Example: Look how well Tom Hiddleston impersonates Graham Norton: [https://www.youtube.com/watch?v=zzqWPDnYEik](https://www.youtube.com/watch?v=zzqWPDnYEik) He’s paying attention to each one of the points I mentioned above (except dialect, he used fairly standard language).
Humans evolved as social animals, so we are typically very good at distinguishing human features, including faces and voices. Physically, our faces and voices are as similar to each other as the faces and voices of sheep, but we can’t distinguish sheep as easily as we can distinguish humans. It is the power of our brains.
When you hear someone speak vowel sounds in particular, the timbre (resonant characteristics) is determined by the physical dimensions of a person’s body, especially their throat, mouth and nose. Your brain learns to decode this to learn about the speaker, just as reverberations provide clues about the room you’re in.

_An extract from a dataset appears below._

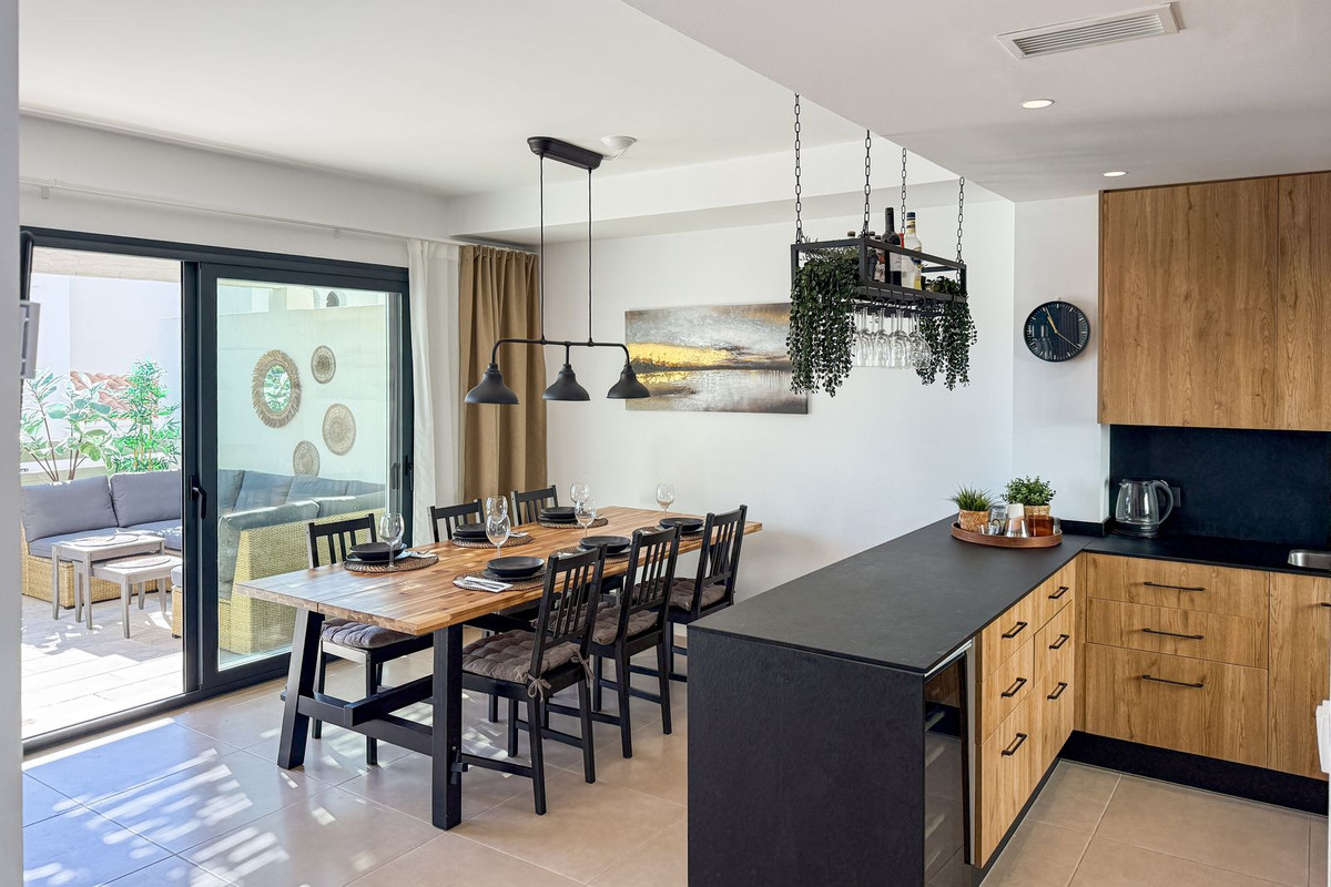 Au rez-de-chaussée se trouvent une cuisine moderne, un salon-salle à manger lumineux, une chambre et une salle de bains. De ce niveau, vous accédez également à deux grandes terrasses de chaque côté de la maison, idéales pour profiter du soleil tout au long de la journée.

You can tell the difference between different instruments. Just by playing one note, you can tell whether that instrument is a piano or a guitar. This is because the sounds aren’t just made of the fundamental pitches of those notes, but also other pitches and tones in different ratios that are unique to each instrument. Human voice boxes work the same way; every voice box is different, and so if you’re familiar with the sound of a voice you can identify it when you hear it.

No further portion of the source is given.